Wednesday, July 23, 2008

Day Four: Bruno Rides the Revolving Door

Ex-Majority Leader Joe Bruno took a job--where else?!--with CMS Consulting Services, which does business with a variety of state offices and agencies like the attorney general, comptroller, it was widely reported today. Never has it been cleared that there needs to ban on legislators on lobbying their former colleagues for an extended time period.

As the New York Times' Jeremy Peters wrote today: "CMA drew some scrutiny this year after it hired Robert Scott Gaddy, a former adviser to Assemblyman David F. Gantt of Rochester, as a lobbyist. Mr. Gantt, the chairman of the Assembly Transportation Committee, had long opposed traffic cameras as too intrusive, yet he introduced a bill that would allow cities and towns across the state to install them and require the kind of technology that CMA sells. Currently, only New York City is allowed to use such red-light cameras."

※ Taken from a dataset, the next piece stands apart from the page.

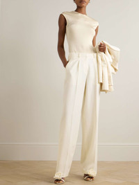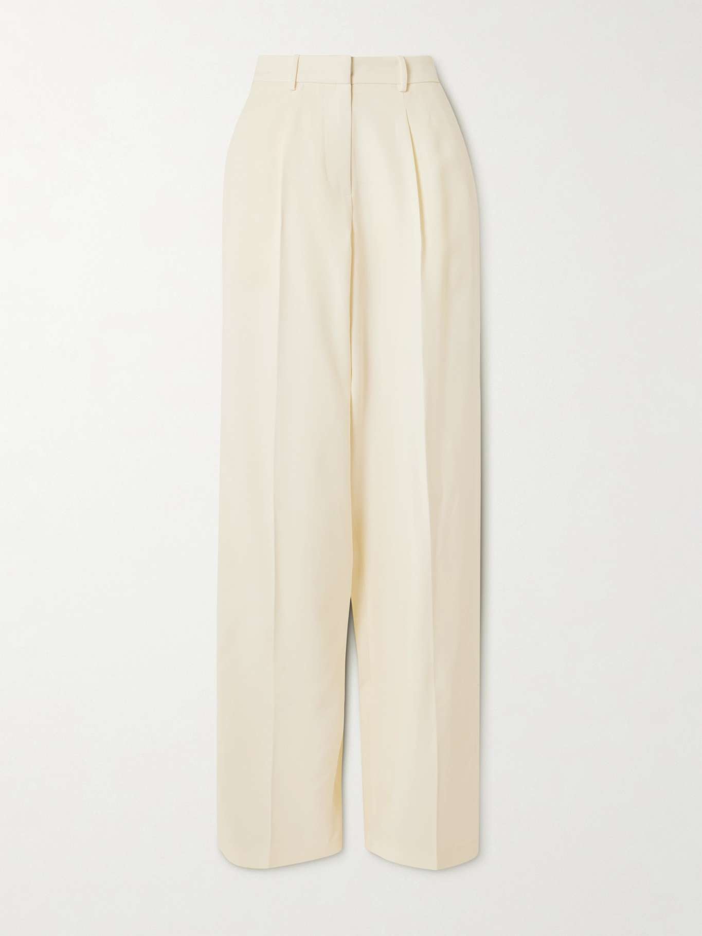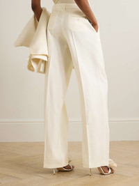 EDITORS'NOTES Magda Butrym's pants effortlessly master a sophisticated dress code. Tailored from wool and silk-blend cady, each pooling straight leg is highlighted by defined pleats. The high-waisted profile means you can tuck in tanks or blouses too. SIZE & FIT Model measurements: - Fits true to size, take your normal size - High-rise, designed for a straight-leg fit - Particularly long in length - Mid-weight, non-stretchy fabric - Model is 180cm/ 5'11" and is wearing a FR 36 - Bust: 80cm/ 31.5" - Waist: 65cm/ 25.5" - Hip: 89cm/ 35" DETAILS & CARE - Cream wool and silk-blend cady - Concealed button, hook and zip fastening at front - 70% wool, 30% silk; lining: 100% silk - Dry clean

In Congress, the "revolving-door ban" prevents Senators and aides from lobbying the Congress for two years after they leave the Hill, and just one year for House departures. Ex-Governor Spitzer signed an executive order--on "day one" in 2007-- that required a two-year window between the time state employees depart their jobs and when they are allowed to lobby any state agency. (That doesn't apply to campaign workers.) New York City employees are barred from lobbying their former colleagues for a year after leaving public service.

Unfortunately and quite shamefully, no such bans exists for members of the state legislature.